Now, I work for the state in which I live, as an advocate for the elderly, the disabled, military veterans and the low income population (which sadly but typically includes the first three). It's exhausting, heartbreaking, infuriating work. It is also oftentimes unspeakably rewarding. In writing classes (at least in the 7 I sat through in college), an inordinate amount of time is spent talking about finding your voice. It's kind of a shopworn concept. And still, I'm not entirely sure what it means. I wouldn't presume to say I've quote found my own voice yet. Which is or is not interesting in light of what I do these days. As an advocate, I spend my work week being a voice for people who are too sick or too poor or too old or too non-white to have any voice of their own. They get a hold of me somehow, and pull me into the center of their lives, tell me their stories, and then I go forth and I speak for them. To the government, to the pharmaceutical companies, to the insurance industry, to the media. To anyone who will listen and give us half a chance. Sometimes, I am able to secure for them things they need, or demand justice for them, or improve the quality of their lives in some small way. When this happens, they see me as a magician, a miracle worker. They cry and they pray over me and they tell me they love me. And it makes me cry, too. But these small mercies do not happen as frequently as any of us would like. And it's physically painful to have to tell people again and again that there is nothing I can do. That there is nothing anyone can do.

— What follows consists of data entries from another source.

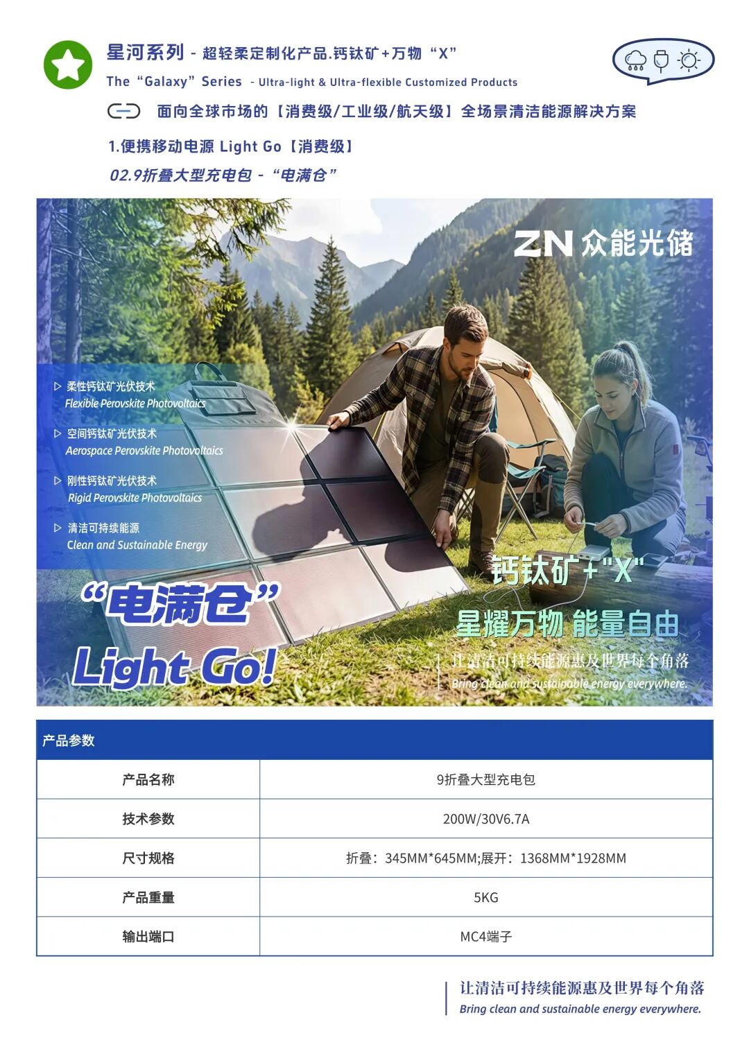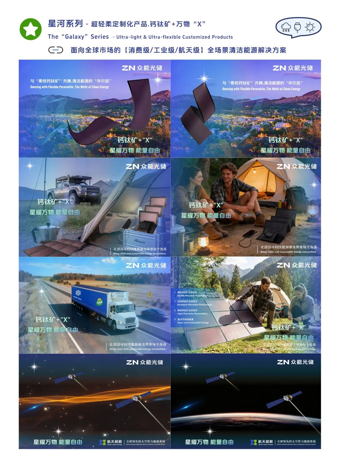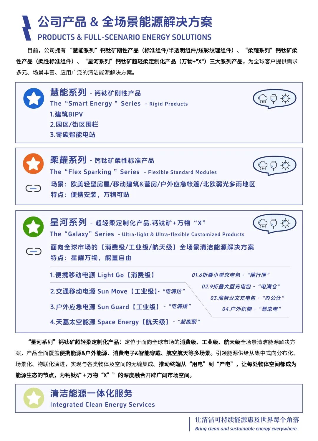 星河系列”超轻柔定制化产品:定位于面向全球市场的消费级、工业级、航天级(三个细分等级)全场景清洁能源解决方案,产品全面覆盖便携能源&户外能源、消费电子&智能穿戴、航空航天等多场景,引领能源供给从集中式向分布化、场景化、物联化演进,实现与各类物体及空间的无缝集成。推动终端从“用电”到“产电”,让每处物体空间都成为能源生态的节点,为钙钛矿 + 万物“X””的深度融合开辟广阔市场空间。
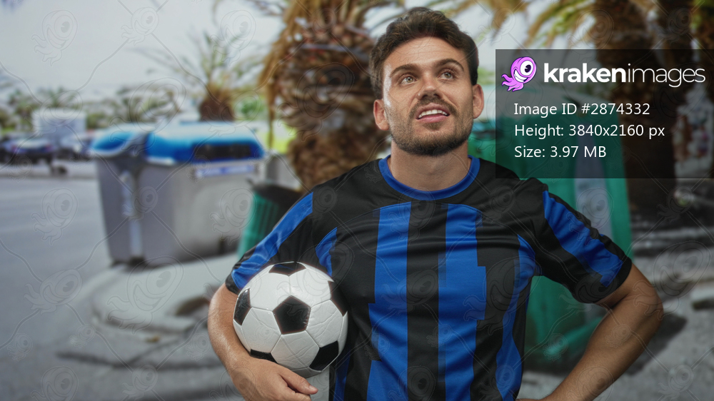 Man holding soccer ball under arm by recycling containers on street, hand on hip and smirking; urban grit determination.
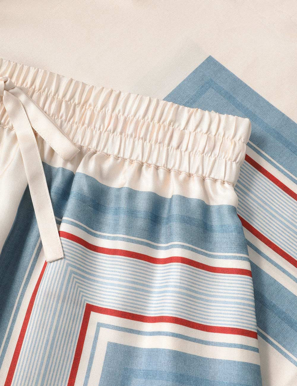 Pantalón de seda con cintura elástica y bolsillos laterales. Talle medio. Cordón ajustable para atar.Bolsillos funcionales. Dobladillo ancho.
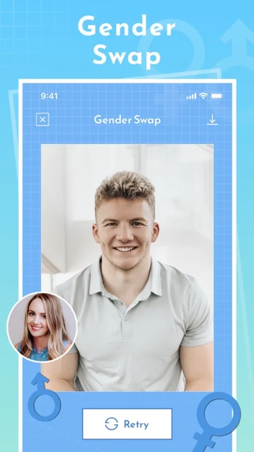Have you ever imagined what you would look like after changing to the opposite sex? Tap the toggle button to check your brand new face.
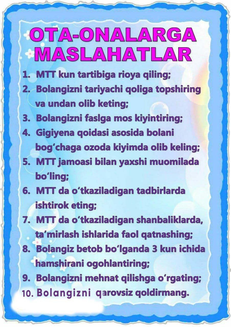 Ota-onalarga / Huquq va majburiyatlar ota-onalarga tavsiyalar ... 22-09-2023, 23:0422-09-2023, 23:04 yangibozor27-dmtt
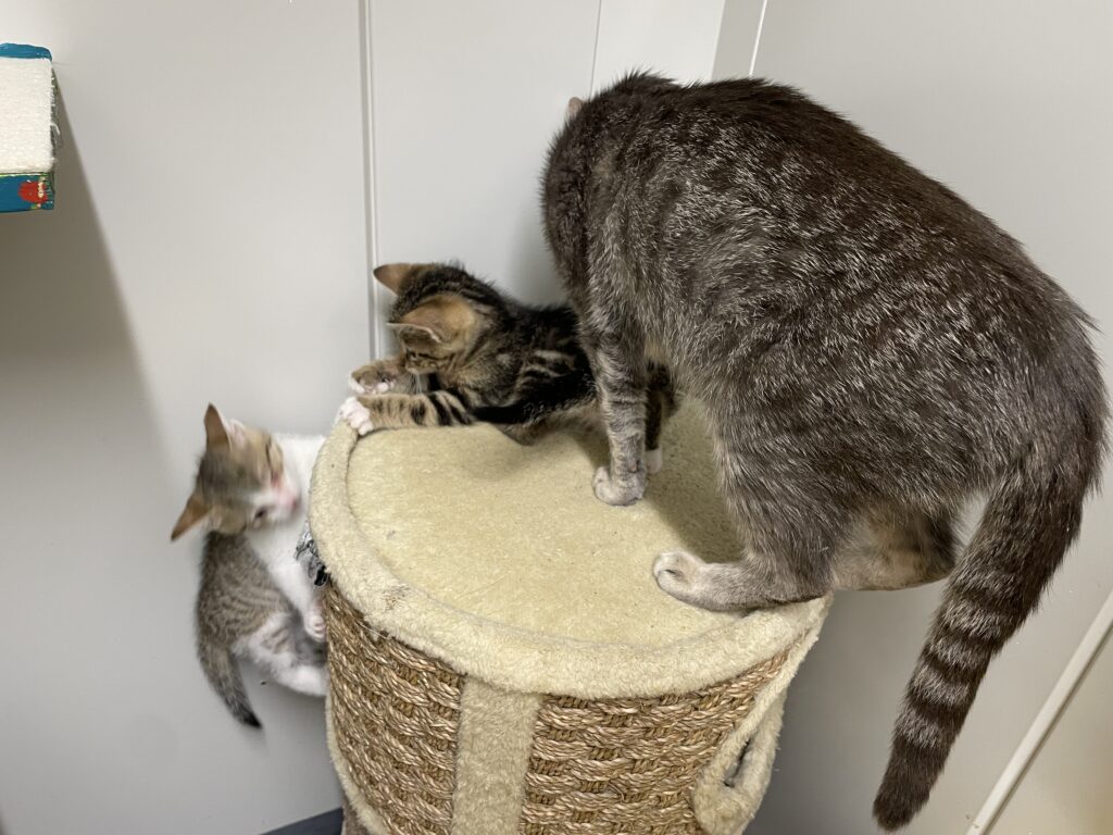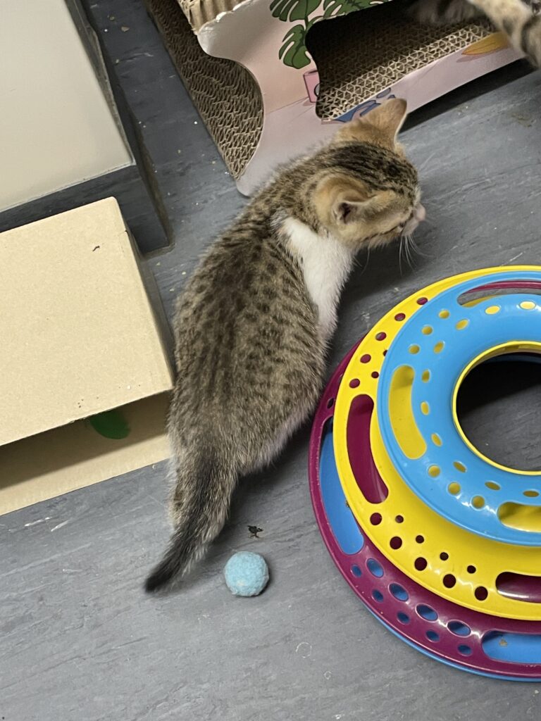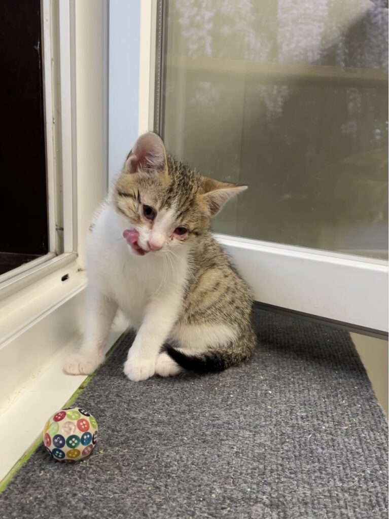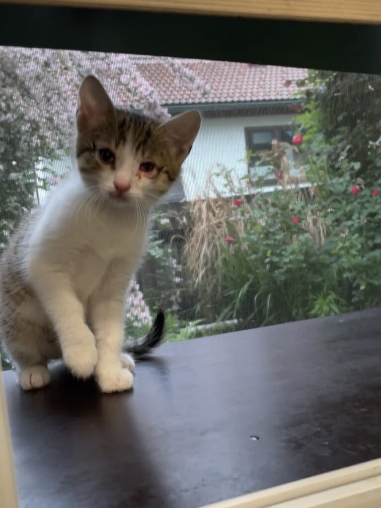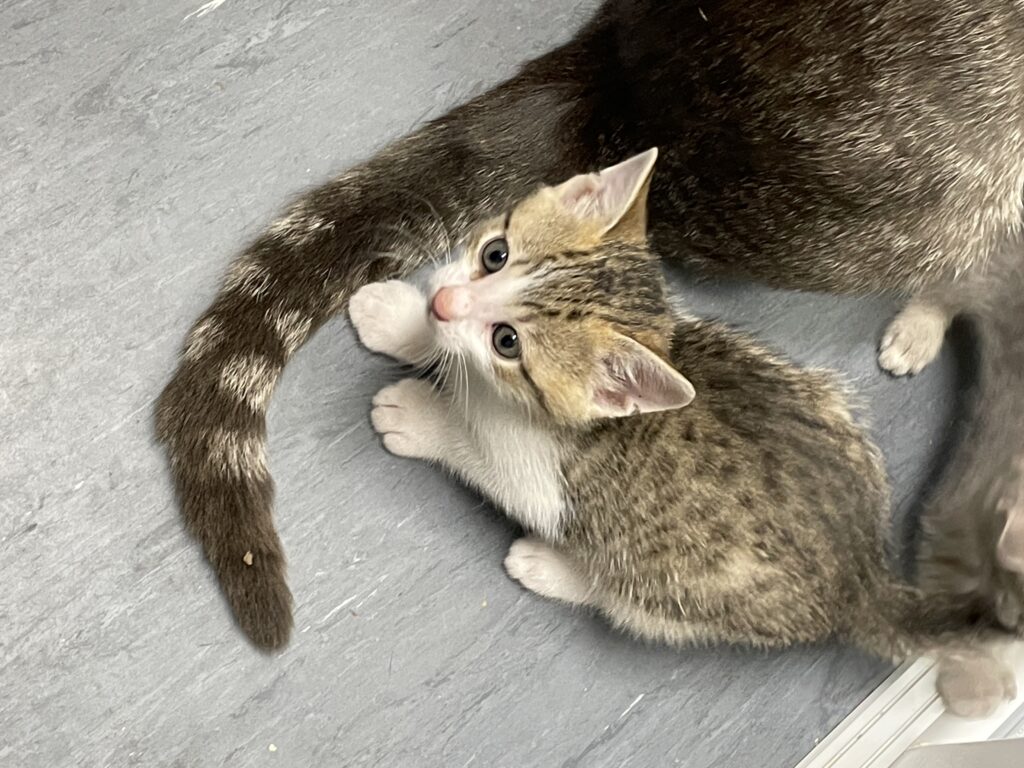 Die beiden überlebenden Brüder sind inzwischen schon doppelt so schwer wie das Mädi und putzmunter. Gottseidank schlägt das neue – sauteure – Spezialmedikament jetzt an und das Auge des tigerweissen Buben wird endlich bissi besser .
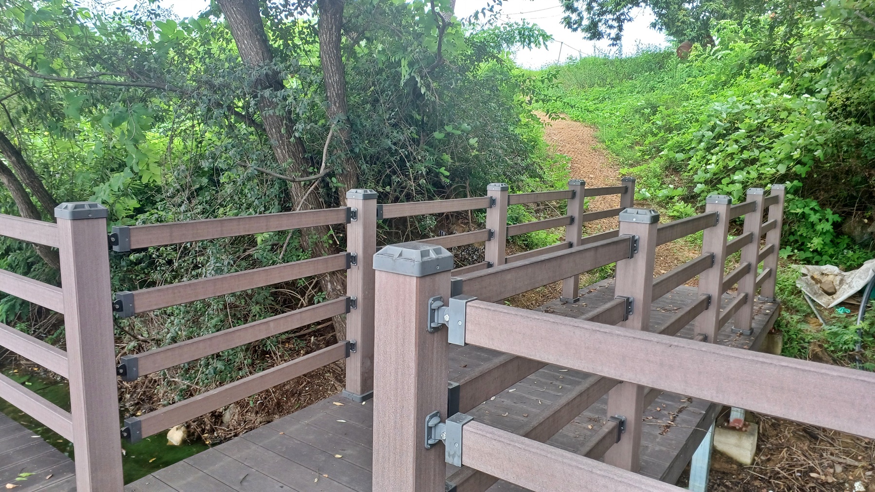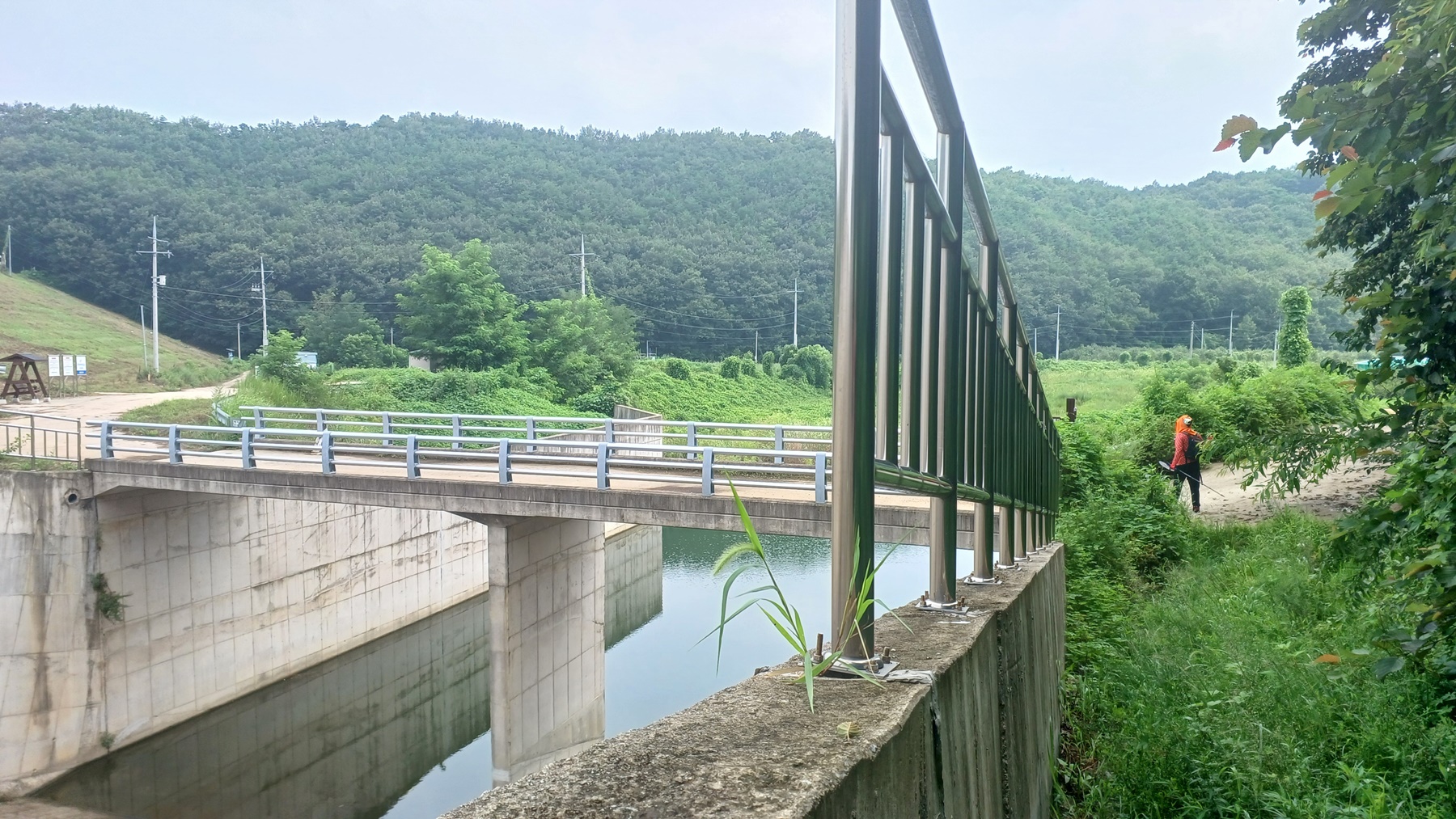 건너편 과수원길과 수조가 있는 도로로 오르는 지점이 보이는 수변 데크길이다.
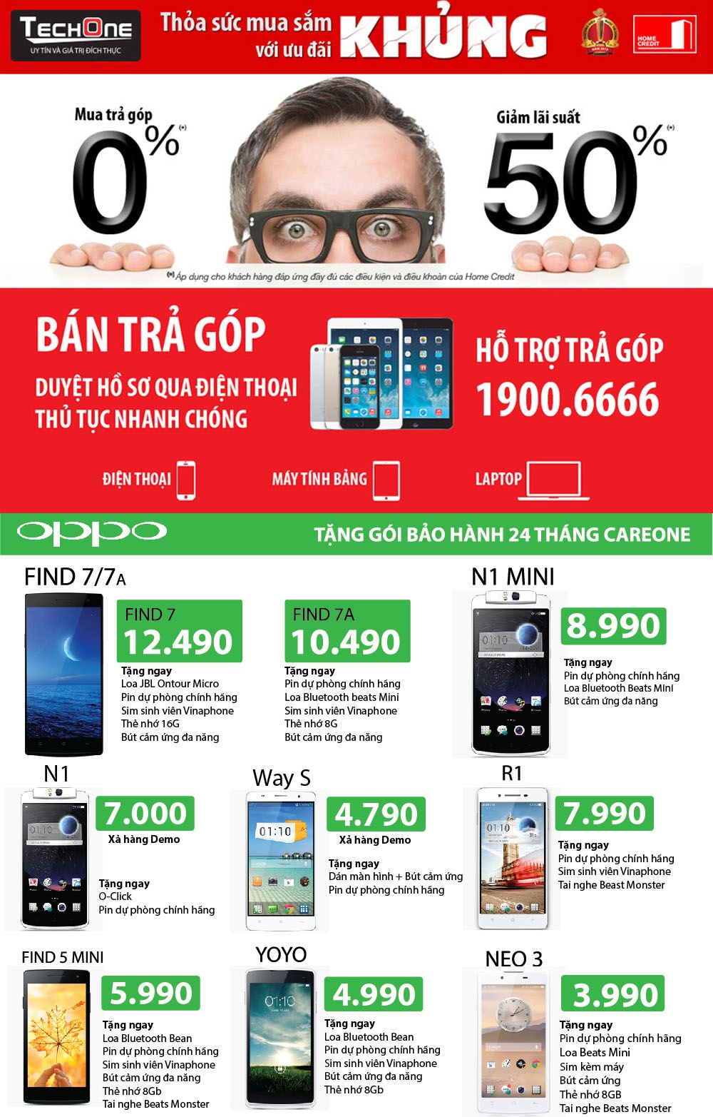 Mua OPPPO nhận ngay 24 tháng bảo hành - duy nhất tại TechOne, giảm thẳng tiền mặt vào hóa đơn cho khách hàng mua OPPO tại TechOne trong ngày vàng.

What this has to do with reading is this: I find that I need books more than ever these days. I need the escapism, desperately. I need worlds where there are unlikely and hesitant heroes and terrifyingly powerful adversaries, where everything could be lost, where so much is at stake, but where these plucky little characters make it out alright in the end. I need authors, too, who are kind enough or crazy enough to have written characters who I can relate to. Who are like me in enough but not too many ways. Who can say things that maybe I don't know how to say or am afraid to say. I need authors who can teach me lessons when I'm too proud or too tired to take advice from anyone else.

Put another way, the American philosopher Kenneth Burke once asserted that "stories are equipment for living" and I believe him.

They are also, lest I get too melodramatic or reflective, a great deal of fun.

At the end of the day, I read for pleasure, after all.

And this is where I hope I am able to make a bit of order out of it all. To dress up as a serious, disciplined reader, all that. Or to simply be another person, who in the howling, perverse, indulgent madness and delight that is the blogosphere, fancies she has something to write about things that have already been written.